I wonder if I can get this to work in terms of accuracy.
Thank you very much again.
It was fun! I think you just add the finite difference step size as a parameter and then use that in the code. Let us know how it works out, show some graphs or something.
I did that, and then tried it like this:
julia> wanddw(4,.1,complex(-.1),.0005)
(0.2959821757039954 - 0.0015914894716217987im, 0.4360000703131307 + 0.002182010051928633im)
julia> wanddw(4,.1,complex(-.1),.00005)
(0.2959821757039954 - 0.0015914894716217987im, 0.43592222276367454 + 0.0021033784685235563im)
julia> wanddw(4,.1,complex(-.1),.000005)
(0.2959821757039954 - 0.0015914894716217987im, 0.43591441315285184 + 0.002095691848207612im)

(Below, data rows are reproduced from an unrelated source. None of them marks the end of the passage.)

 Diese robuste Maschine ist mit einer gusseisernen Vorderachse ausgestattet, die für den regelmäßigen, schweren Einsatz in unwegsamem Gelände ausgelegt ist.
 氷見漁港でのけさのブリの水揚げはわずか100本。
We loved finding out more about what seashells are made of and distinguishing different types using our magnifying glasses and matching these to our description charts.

so at least as the step size gets smaller, it isn’t doing anything much
here’s the code with the dp:
using Memoize
@memoize function wanddw(n,t,p,dp)
if n < 0
error("wanddw: n must be an integer > 0")
end
if n == 0
if t < -1
return (complex(0.0),complex(0.0))
elseif t <= 1
return ((exp(p+p*t) - 1.0)/p, (t+1)*exp(p+p*t)/p - (exp(p+p*t)-1)/p^2)
else
return (2*exp(p*t)*sinh(p)/p, 2*sinh(p)*t*exp(p*t)/p - 2*sinh(p)*exp(p*t)/p^2 +2*cosh(p)*exp(p*t)/p)
end
elseif n == 1
t < -1 && return (complex(0.),complex(0.))

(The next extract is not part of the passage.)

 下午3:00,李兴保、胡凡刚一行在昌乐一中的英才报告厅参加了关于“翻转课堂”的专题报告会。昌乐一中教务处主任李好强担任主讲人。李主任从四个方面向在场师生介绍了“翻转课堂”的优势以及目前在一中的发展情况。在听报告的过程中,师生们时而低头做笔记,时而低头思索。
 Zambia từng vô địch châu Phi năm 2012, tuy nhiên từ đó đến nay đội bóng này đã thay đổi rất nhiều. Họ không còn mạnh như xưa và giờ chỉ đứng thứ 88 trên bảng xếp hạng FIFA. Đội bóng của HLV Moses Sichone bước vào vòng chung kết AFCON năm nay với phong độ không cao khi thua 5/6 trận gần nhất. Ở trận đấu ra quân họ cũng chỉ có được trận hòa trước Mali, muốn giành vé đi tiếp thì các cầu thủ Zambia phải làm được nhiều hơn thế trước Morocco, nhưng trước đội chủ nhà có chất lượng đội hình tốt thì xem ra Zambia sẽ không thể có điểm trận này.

t <= 1 && return (-(1.0+exp(p+p*t)*(p-1)+p*t)/p^2, (-(p-1.0)*(t+1)*exp(p*t+p)-exp(p*t+p)-t)/p^2 - 2*((-(p-1)*exp(p*t+p)-p*t-1)/p^3))
return (-2.0*exp(p*t)*(p*cosh(p)-sinh(p))/p^2, -(2.0*(p*cosh(p)-sinh(p))*t*exp(p*t)/p^2)-2.0*sinh(p)*exp(p*t)/p - 4.0*(p*cosh(p)-sinh(p))*exp(p*t)/p^3)
elseif n >= 2
(wprev,dwprev) = wanddw(n-1,t,p)
(wprev2,dwprev2) = wanddw(n-2,t,p)
(wprev2d, dwprev2d) = wanddw(n-2,t,p+complex(dp,dp))

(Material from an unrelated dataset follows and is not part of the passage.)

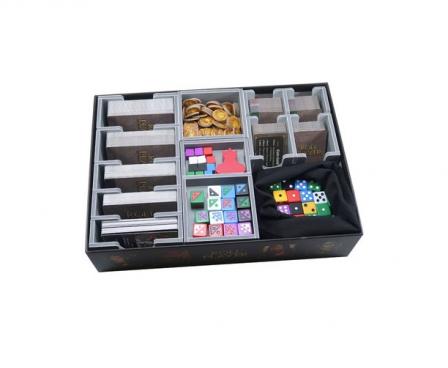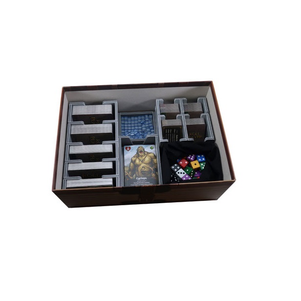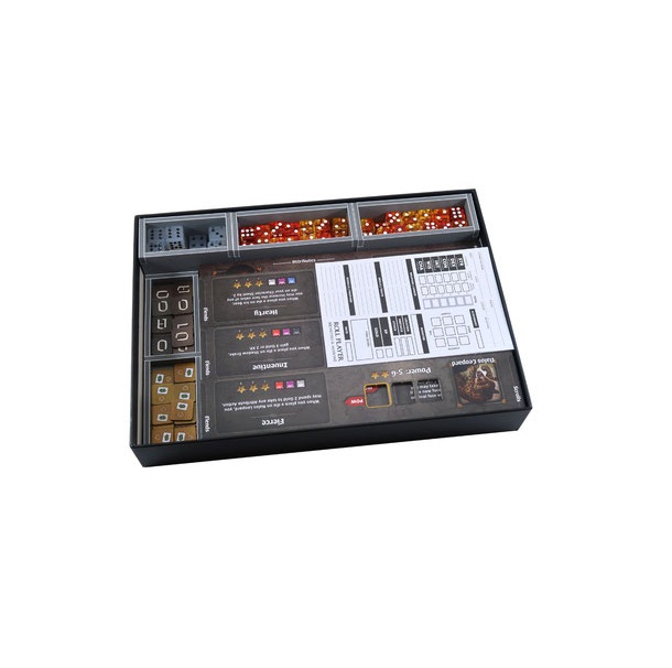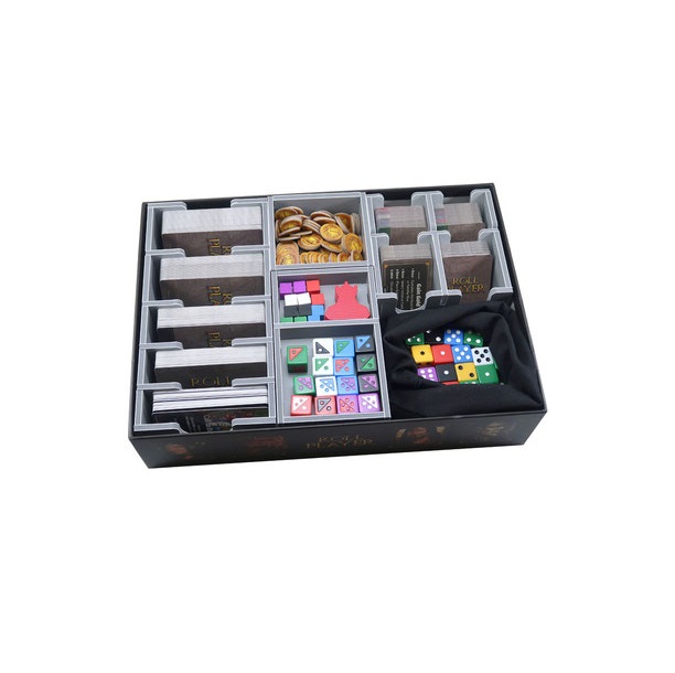 Insert compatible with Roll Player®, and Monsters & Minions® and Fiends & Familiars® expansions. The design provides both efficient storage and improved game play. Many of the trays can be utilised during the game, and they greatly aid set-up and clear-away times. The standard game dice are stored in the dice bag as shown.

return (2*t*wprev - 2*dwprev-wprev2, 2*t*dwprev - (dwprev2d-dwprev2)/complex(dp,dp))
end
end
Even order 100 returns immediately, thanks to Memoization.jl !
julia> wanddw(100,.1,complex(-.1),.000005)
(6.329687336395586e86 - 2.2156952437460406e86im, -3.069266938528541e90 + 4.369343530297239e90im)
For what it’s worth, the above code is not numerically stable (and contains an error). I found another way to calculate the convolution analytically and use the recursive function to define the partial derivative with respect to p. Thanks again for the help!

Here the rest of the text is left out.